Auto sales took a dive last month, but the red hot industry shouldn’t worry too much. There’s still the rest of the holiday season left to move wheels out the door!
Only six nameplates had sales gains last month
According to NPR, Hyundai-Kia, Subaru, Tesla, Jaguar Land Rover and Mitsubishi were the only name plates to enjoy sales gains during October 2016.
Among the American nameplates, Ford sales took the heaviest hit and were down roughly 12% last month. That performance was followed by a 10% decline in sales for Fiat Chrysler. GM, meanwhile, suffered the least as its sales only fell nearly 2%.
That slow sales actions could mean deals for you as we move through Christmas.
What about year-end sales events?
Most manufacturers go on a blitz with their ‘End of the Year’ sales events between Christmas and New Year’s Eve. But is it really a good idea to lease at that time?
There are essentially two times in every calendar year when you can get a deal on a car: During a change of model year in August and during a change of calendar year in December.
When the end of the year rolls around, there’s a particularly big push for leasing. But leasing makes sense only in certain circumstances:
- You plan to lease for less than four years
- You have good credit
- You drive fewer than 12,000 to 20,000 miles each year
For the most part, leasing is a disaster for you. Edmunds.com has new numbers that tell the story. Basing their calculations on a car that sells in the mid $20,000 range, they’ve estimated leasing will cost you $6,000 more than buying the car new. That loss goes up to over $10,000 vs. buying a gently used version of that same car a couple of model years old.

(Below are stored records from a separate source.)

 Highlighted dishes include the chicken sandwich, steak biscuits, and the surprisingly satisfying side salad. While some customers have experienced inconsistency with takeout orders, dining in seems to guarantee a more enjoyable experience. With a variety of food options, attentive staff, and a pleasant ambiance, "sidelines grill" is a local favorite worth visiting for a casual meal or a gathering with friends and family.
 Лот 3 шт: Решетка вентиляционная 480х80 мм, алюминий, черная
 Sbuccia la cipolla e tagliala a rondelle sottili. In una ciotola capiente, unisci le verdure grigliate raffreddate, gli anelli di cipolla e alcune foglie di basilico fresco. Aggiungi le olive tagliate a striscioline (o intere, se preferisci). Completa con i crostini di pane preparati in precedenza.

When you get on that lease treadmill every two to four years, each time you’re taking on an obligation and you have nothing to show for it at the end. Each time you take on 100% of the loss in value of the vehicle for the time you drive it. That’s why Clark is almost never keen on leasing a car.

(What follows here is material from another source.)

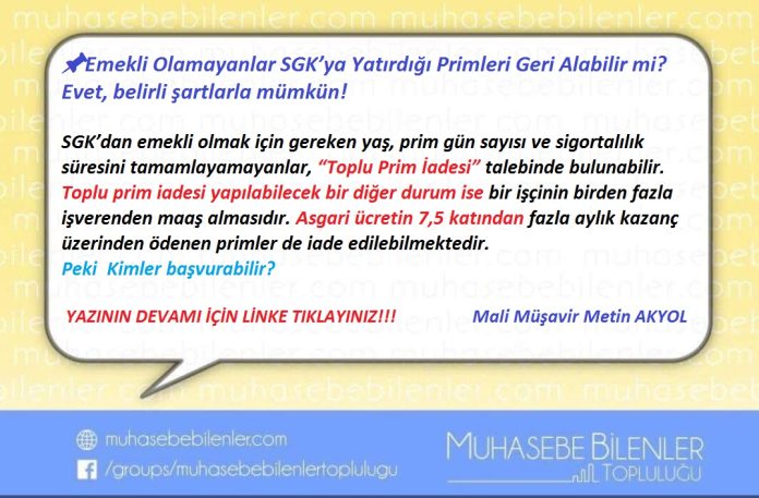 SGK’dan emekli olmak için gereken yaş, prim gün sayısı ve sigortalılık süresini tamamlayamayanlar, *“Toplu Prim İadesi”* talebinde bulunabilir.

There are only two exceptions to his ‘no leases’ rule. The first is if you like new wheels every two or three years. The second has to do with fancy luxury cars, electric cars and some other alternative fuel vehicles. These kinds of cars don’t get discounted, but you will find factory-subsidized leases that can be a deal. (You’ll know it’s a factory-subsidized lease when you see a manufacturer’s ad on TV or a website telling you it’s such.)
With increases in car reliability, it’s entirely possible that you might keep a car 10 years without breaking a sweat. So buying and holding onto a car is a far better strategy.